The other thing that made me decide to work with children with CF is the amazing patient community. Families affected by this condition have really gotten behind advancing care and supporting research to develop new therapies. I think the success we’ve seen in improving the care for CF over the last few decades is due in large part to commitment of these families, working in concert with an amazing, multi-disciplinary clinical community.
How does your work with patients inform your research?
It’s hard to talk to a family in the clinic and have to tell them that I just don’t know or I just don’t have the answer to their question. These moments drive my research. I use research to answer the questions that I’m faced with every day when I treat patients.
It’s one of the advantages of working in a centre like BC Children’s Hospital that combines research and clinical care – I’m able to take dilemmas from the clinic and go tackle them in my research.
There’s a lot we still don’t know about the best way to provide care for children with CF, and it’s a great privilege to work in a place where I can use research to work towards a better future for my patients.
What is something people don’t realize about CF?
The therapies that have been developed for CF in the last few decades have made an enormous difference in survival rates, but they require a huge commitment from children and their families. A lot of these new treatments focus on reducing the sticky secretions the build up in the lungs and cause them to get infected and inflamed, leading to lung disease. A child might need to do five or six rounds of inhalation therapy, plus chest physiotherapy every single day. Cumulatively these therapies can take hours. These treatments work but they do require a significant sacrifice.
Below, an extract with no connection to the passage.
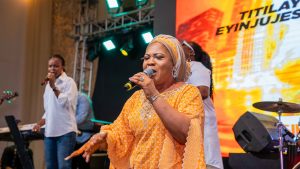 SIFAX Thanksgiving : Another guest artiste, Titilayo Gbadebo (EyinjuJesu Ministry), during her ministration at the maiden edition of the SIFAX Group Annual Thanksgiving held at the Lagos Marriott Hotel recently.

There is exciting research being done now to tackle the underlying problem that causes CF – a faulty protein involved in salt transport in cells. If we could fix this protein so it worked properly, the hope is that the other problems associated with CF might improve - or never start. These drugs are currently being tested in clinical trials, and have shown very promising results. With these emerging therapies, we hope to be able to save kids from facing a future of difficult therapies, debilitating symptoms and premature death. We do have a long way to go in caring for children with CF, but this is an exciting and hopeful time.